After a bit of a delay, I have finally returned to the adventures of Ava and her monster hunting. This is the third installment out of four, so be sure to check back for the exciting conclusion to this story. If you are just now finding this, you can read Part One and Part Two by following the links. Leave a comment and share how you think it is all going to come to an end in part four.
How could her father’s sword be here, in the lair of a meager ogre? These were the monsters she grew up hunting because they were slow and stupid and predictable. She refused to believe that her father could have met his end at the hands of an ogre. He had been hunting monsters for decades. His death had to have something to do with that unusual visitor who he left with. Ava tried to think back to the day when her father left.
A short, muscular man appeared in the dead of night, his horse slathered in sweat and on the brink of exhaustion. They spoke together in hushed tones, but Ava had learned a thing or two about eavesdropping and could hear enough. The man was called Jerek, and he was forming some sort of organization to free the people in the kingdoms. Her father tried to say his place was at home, hunting monsters because that was all he knew. He was not a soldier, he was a mercenary.
Then he showed her father a piece of parchment and, whatever it was, it changed her father’s attitude. He rose from his chair and they went outside to continue their conversation. Ava waited for him, hoping he would return and go to bed. She fell asleep before she could see him, and when she woke up both of them were gone. Her father had left her a note, saying that he should be back within a fortnight or two, but he never came back. She was fifteen when her father disappeared.
And now she held his sword once more. The sword he used all his life to vanquish monsters for the kingdoms. The sword he trained her with. Even after all of the years that had passed since his absence, she still struggled to contain the emotion. She bit her lip, trying unsuccessfully to fight back the tears. She vowed that this ogre would die.
She heard the lumbering footsteps of the ogre coming down the tunnel. She glanced around the room and decided to head into the dark tunnel. She clutched the sword in her hand and slipped into the shadows, prepared to strike down her prey. It would pay for her father’s death with its life.

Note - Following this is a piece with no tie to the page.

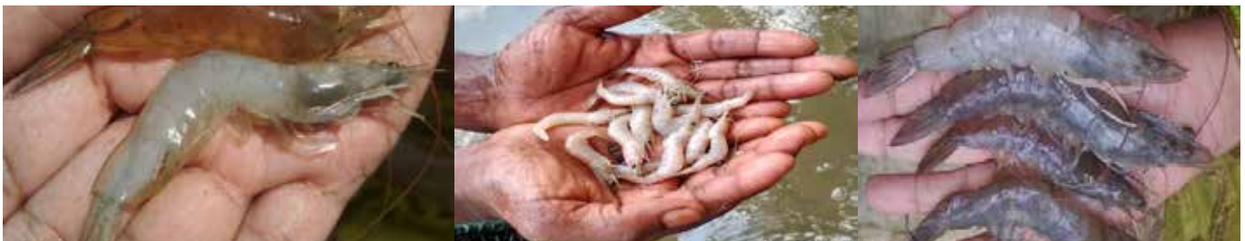
Extensive whitish necrosis appearing like cooked shrimp with reddish distal segments and tail fans.

She slowed her breathing as she saw its towering frame enter into the chamber. It walked over to the treasure horde and leaned down, sniffing it momentarily. She bit her lip, confused by its behavior. Did it smell her presence? Every ogre she had ever encountered had an extremely poor sense of smell. It contradicted everything she had been taught about ogres. And then it did something that was even more confusing to Ava.
The ogre turned toward the tunnel where Ava was hidden and raised something over its head. In the light she couldn’t know for sure, but it looked like one of her daggers that she jammed into its foot. The ogre made a few guttural grunts and growls before bowing low to the ground, extending the dagger toward the tunnel. Could the ogre see her? Was it trying to offer the dagger back to her? This was the most unusual, and apparently the most intelligent, ogre that Ava had ever witnessed in her life. She was about to step forward out of the shadows when it got back to its feet and set the dagger on the pile of treasure. Evidently it hadn’t seen her, but then what was the purpose of that reverent display? She didn’t have time to sit and mull over what it could mean. She had to be ready to strike when it had its guard down.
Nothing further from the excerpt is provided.